**GIVEN DATA**

════════

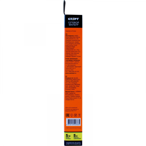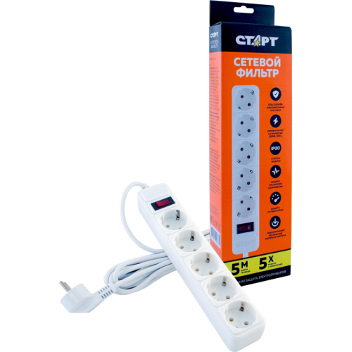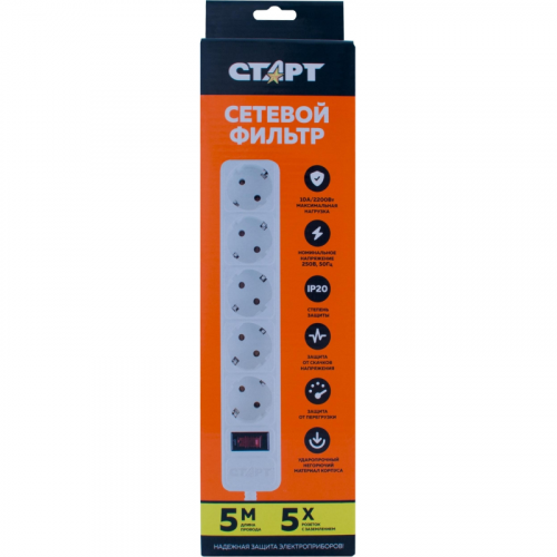 Сетевой фильтр Старт на 5 розеток 5 метров Внешний вид и/или характеристики товара могут быть изменены производителем в соответствии с производственным процессом.
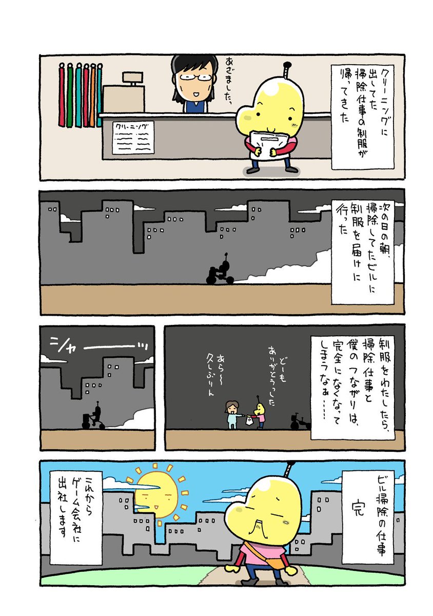クリーニングに出してた掃除仕事の制服を返しに行って これで本当に掃除仕事は終わりなんだなー・・・ その後、ゲーム会社へ #絵日記
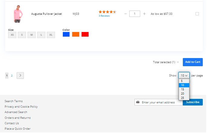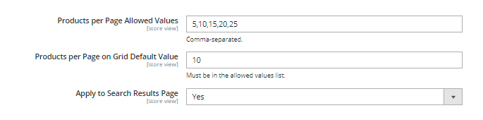 Products per Page Allowed Values - define a set of values for the dropdown regulating the number of products to be displayed per one category page on a catalog.
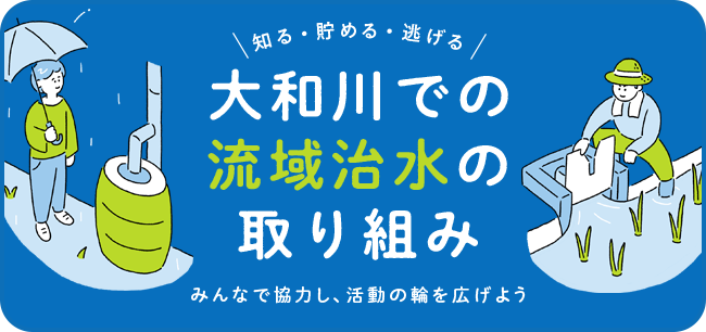 国だけでなく、自治体や企業、住民などあらゆる関係者が協働して、流域全体で水災害対策を行うことを流域治水といいます。 流域治水では、河川整備だけでなく、流域にあるさまざなま施設(たんぼやため池など)を活用したり、川があふれることを前提としたまちづくりなどを行います。
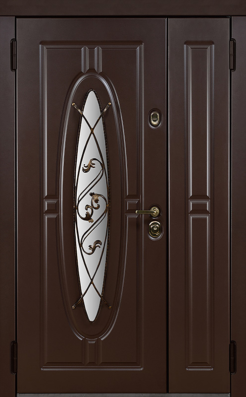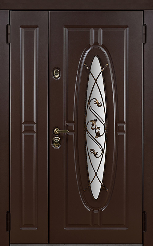 Двойная уличная дверь с овальным стеклом и художественной ковкой №14 — это уникальное сочетание функциональности и эстетики. Панели МДФ с ПВХ-покрытием, используемые как для внешней, так и для внутренней отделки, обладают высокой стойкостью к внешним воздействиям, сохраняя свой внешний вид на долгие годы. Внешний декор в виде художественной ковки придаёт двери особый шарм, подчеркивая её стиль и индивидуальность. Двойная уличная дверь с овальным стеклом и художественной ковкой №14 от производителя: быстрое изготовление и монтаж в Малоярославце, индивидуальные размеры, широкий выбор материалов и фурнитуры, официальная гарантия до 10 лет.
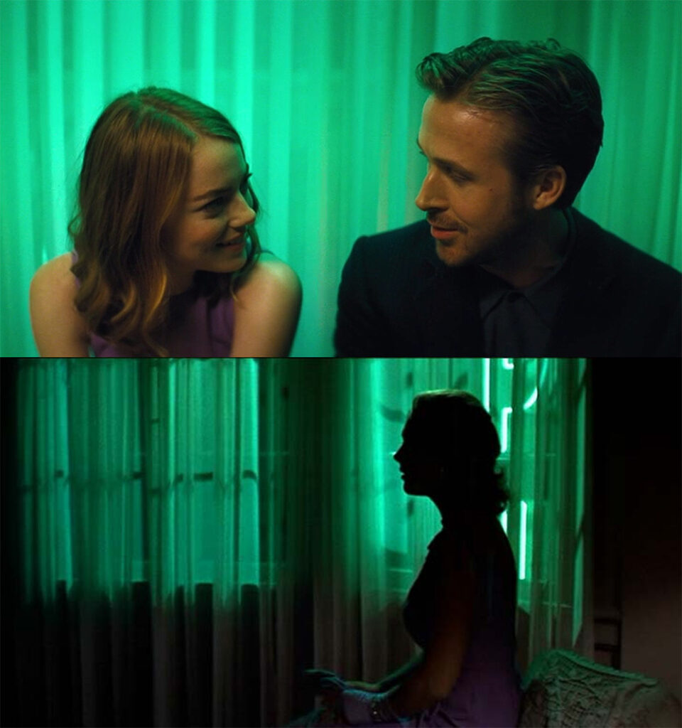 La photographie signée Linus Sandgren joue sur des palettes de couleurs très vives et souvent primaires (bleu, rouge ou jaune) invoquant les teintes saturées du technicolor. Par ailleurs, Damien Chazelle multiplie les références cinématographiques pour construire son film. L’œuvre la plus citée est sûrement Singin’ in the Rain de Stanley Donen sorti en 1952, une comédie musicale culte qui représente à merveille l’âge d’or du cinéma hollywoodien. La scène où l’on repère le plus de références est une des scènes emblématiques de La La Land (qui est d’ailleurs devenue l’affiche officielle du film). Le lampadaire sur lequel s’appuie Sebastian renvoie à la fameuse scène sous la pluie où Don, interprété par Gene Kelly, danse avec son parapluie. Mais la référence va encore plus loin puisque Damien Chazelle incorpore des sonorités de la chanson Singin’ in the Rain dans la séquence musicale A lovely Night. Cependant, Chazelle ne cite pas seulement des comédies musicales. Par exemple, dans le passage chanté de City of Stars, c’est avec l’éclairage vert que Chazelle fait référence au film Vertigo d’Alfred Hitchcock. On aperçoit également tout au long du film des affiches sur les murs comme dans la chambre de Mia où est représenté le portrait d’Elsa, un des personnages de Casablanca joué par Ingrid Bergman. Mia travaille dans un studio de tournage typique d’Hollywood, où elle touche son rêve du bout des doigts tous les jours. Se côtoient des décors de films culte avec d’autres encore en cours de production qui deviendront peut-être des classiques. Mia regarde les films se créer de manière émerveillée comme une enfant. On sent une part du réalisateur dans son personnage.

════════

**WHAT YOU ARE ASKED TO DO**
Line by line, return the listing above exactly, leaving out its pictures.

**EXPECTED ANSWER**
 Сетевой фильтр Старт на 5 розеток 5 метров Внешний вид и/или характеристики товара могут быть изменены производителем в соответствии с производственным процессом.
クリーニングに出してた掃除仕事の制服を返しに行って これで本当に掃除仕事は終わりなんだなー・・・ その後、ゲーム会社へ #絵日記
 Products per Page Allowed Values - define a set of values for the dropdown regulating the number of products to be displayed per one category page on a catalog.
 国だけでなく、自治体や企業、住民などあらゆる関係者が協働して、流域全体で水災害対策を行うことを流域治水といいます。 流域治水では、河川整備だけでなく、流域にあるさまざなま施設(たんぼやため池など)を活用したり、川があふれることを前提としたまちづくりなどを行います。
 Двойная уличная дверь с овальным стеклом и художественной ковкой №14 — это уникальное сочетание функциональности и эстетики. Панели МДФ с ПВХ-покрытием, используемые как для внешней, так и для внутренней отделки, обладают высокой стойкостью к внешним воздействиям, сохраняя свой внешний вид на долгие годы. Внешний декор в виде художественной ковки придаёт двери особый шарм, подчеркивая её стиль и индивидуальность. Двойная уличная дверь с овальным стеклом и художественной ковкой №14 от производителя: быстрое изготовление и монтаж в Малоярославце, индивидуальные размеры, широкий выбор материалов и фурнитуры, официальная гарантия до 10 лет.
 La photographie signée Linus Sandgren joue sur des palettes de couleurs très vives et souvent primaires (bleu, rouge ou jaune) invoquant les teintes saturées du technicolor. Par ailleurs, Damien Chazelle multiplie les références cinématographiques pour construire son film. L’œuvre la plus citée est sûrement Singin’ in the Rain de Stanley Donen sorti en 1952, une comédie musicale culte qui représente à merveille l’âge d’or du cinéma hollywoodien. La scène où l’on repère le plus de références est une des scènes emblématiques de La La Land (qui est d’ailleurs devenue l’affiche officielle du film). Le lampadaire sur lequel s’appuie Sebastian renvoie à la fameuse scène sous la pluie où Don, interprété par Gene Kelly, danse avec son parapluie. Mais la référence va encore plus loin puisque Damien Chazelle incorpore des sonorités de la chanson Singin’ in the Rain dans la séquence musicale A lovely Night. Cependant, Chazelle ne cite pas seulement des comédies musicales. Par exemple, dans le passage chanté de City of Stars, c’est avec l’éclairage vert que Chazelle fait référence au film Vertigo d’Alfred Hitchcock. On aperçoit également tout au long du film des affiches sur les murs comme dans la chambre de Mia où est représenté le portrait d’Elsa, un des personnages de Casablanca joué par Ingrid Bergman. Mia travaille dans un studio de tournage typique d’Hollywood, où elle touche son rêve du bout des doigts tous les jours. Se côtoient des décors de films culte avec d’autres encore en cours de production qui deviendront peut-être des classiques. Mia regarde les films se créer de manière émerveillée comme une enfant. On sent une part du réalisateur dans son personnage.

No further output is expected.